Data visualization with statistical reasoning: formats for showing uncertainty

This blog post is one of a series highlighting specific images from my book Data Visualization: charts, maps and interactive graphics. This is from Chapter 8, “Visualizing Uncertainty”, and very much follows on from the previous post on the bootstrap.

Here are three approaches to showing uncertainty around a single curve in two-dimensional space.

There are two variables, and implicitly a third, which might be time; the curve moves from bottom left (where, initially, there is no uncertainty) to top right (and the uncertainty increases along the way). The data for this image are artificial, but I was thinking of hurricane tracks as well as any time series forecast where uncertainty is so important and increases further into the future.
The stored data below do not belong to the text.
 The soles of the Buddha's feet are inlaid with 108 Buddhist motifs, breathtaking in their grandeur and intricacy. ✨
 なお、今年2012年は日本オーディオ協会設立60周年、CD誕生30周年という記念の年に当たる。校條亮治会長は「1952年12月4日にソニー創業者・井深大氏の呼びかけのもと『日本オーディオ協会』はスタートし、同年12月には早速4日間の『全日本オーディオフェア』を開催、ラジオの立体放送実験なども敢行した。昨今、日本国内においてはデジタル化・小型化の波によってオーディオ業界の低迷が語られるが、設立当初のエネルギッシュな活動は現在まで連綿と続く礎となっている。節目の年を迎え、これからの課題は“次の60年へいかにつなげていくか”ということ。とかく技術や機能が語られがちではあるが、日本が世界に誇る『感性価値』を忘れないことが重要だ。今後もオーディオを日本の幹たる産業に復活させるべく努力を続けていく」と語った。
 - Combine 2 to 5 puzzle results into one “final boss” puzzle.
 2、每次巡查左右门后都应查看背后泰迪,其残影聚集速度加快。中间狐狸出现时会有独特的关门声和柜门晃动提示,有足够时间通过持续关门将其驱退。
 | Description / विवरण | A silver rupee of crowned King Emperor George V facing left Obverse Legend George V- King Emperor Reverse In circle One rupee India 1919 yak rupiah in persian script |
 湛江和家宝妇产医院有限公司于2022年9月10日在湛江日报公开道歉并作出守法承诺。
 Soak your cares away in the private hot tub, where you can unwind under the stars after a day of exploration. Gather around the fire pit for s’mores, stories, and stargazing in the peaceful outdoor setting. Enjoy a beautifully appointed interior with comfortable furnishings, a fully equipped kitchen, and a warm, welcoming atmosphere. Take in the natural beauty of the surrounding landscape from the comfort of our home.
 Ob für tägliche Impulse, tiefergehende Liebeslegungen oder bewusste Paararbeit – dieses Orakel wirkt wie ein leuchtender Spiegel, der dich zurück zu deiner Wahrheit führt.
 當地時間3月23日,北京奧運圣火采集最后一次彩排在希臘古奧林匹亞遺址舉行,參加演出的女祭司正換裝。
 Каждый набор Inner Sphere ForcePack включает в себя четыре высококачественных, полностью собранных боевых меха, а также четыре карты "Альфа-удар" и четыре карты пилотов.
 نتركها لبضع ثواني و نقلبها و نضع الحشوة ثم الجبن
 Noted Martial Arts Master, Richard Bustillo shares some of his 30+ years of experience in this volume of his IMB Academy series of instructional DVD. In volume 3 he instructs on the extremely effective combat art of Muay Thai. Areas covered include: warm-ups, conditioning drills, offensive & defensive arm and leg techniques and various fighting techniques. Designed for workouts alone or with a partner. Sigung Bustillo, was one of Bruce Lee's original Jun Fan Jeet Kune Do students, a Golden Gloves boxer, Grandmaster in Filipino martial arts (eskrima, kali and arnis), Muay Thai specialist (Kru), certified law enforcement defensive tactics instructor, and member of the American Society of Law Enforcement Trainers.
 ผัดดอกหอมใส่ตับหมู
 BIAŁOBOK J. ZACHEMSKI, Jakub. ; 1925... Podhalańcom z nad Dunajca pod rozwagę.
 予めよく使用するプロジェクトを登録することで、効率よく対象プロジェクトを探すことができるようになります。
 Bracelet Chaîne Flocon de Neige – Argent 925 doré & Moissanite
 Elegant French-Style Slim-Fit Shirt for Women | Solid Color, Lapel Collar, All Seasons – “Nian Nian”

The three approaches are, in essence:

1. Show one shape with an X% chance that the “truth” will turn out to lie outside it. By “truth”, I mean a population parameter, if you are doing inferential statistics, or future data if you are doing prediction. It could be something else too, like a rank, model, or missing value, but the same principle applies. Take this idea of the chance of the truth lying in some location and imagine it as a surface, rising where the chance is high and dropping where it is low. This surface rises up to the summit, which is our best guess. We could add the best guess to the image, which is the central line in this image, but could also be a point. Then, our shape is a contour line: the surface is at the same height all around that contour. By the way, that surface is something that we really do deal with statistically. It is a posterior probability density function of you are doing Bayesian statistics, or a likelihood function otherwise. But there are ways of getting these uncertainty measures without full-on likelihood or Bayes. The bootstrap gives you this by just picking the central X% of resampled statistics. Inferential shortcut (asymptotic) formulas sometimes work on approximations. Approximate Bayesian Computation (ABC) generates phony data according to different parameter values, and compares it to what you actually observed.
2. Show several of these contours, like a topographic map. You might prefer to colour in the area according to the height of the surface instead, in which case it might be clearer to do some kind of smoothing; I’ll have another blog post soon on the subject of smoothing in data visualisation.
3. Instead of showing the values (height) of the probability / likelihood, draw values at random from that function and show them. If you are bootstrapping or doing Bayesian stats by simulation, then this is simple because you can just draw the bootstrap stats or the retained simulations. The posterior / likelihood then acts as a data generating process, a crucially important mental tool for good data analysis, but something we’ll have to leave for another time.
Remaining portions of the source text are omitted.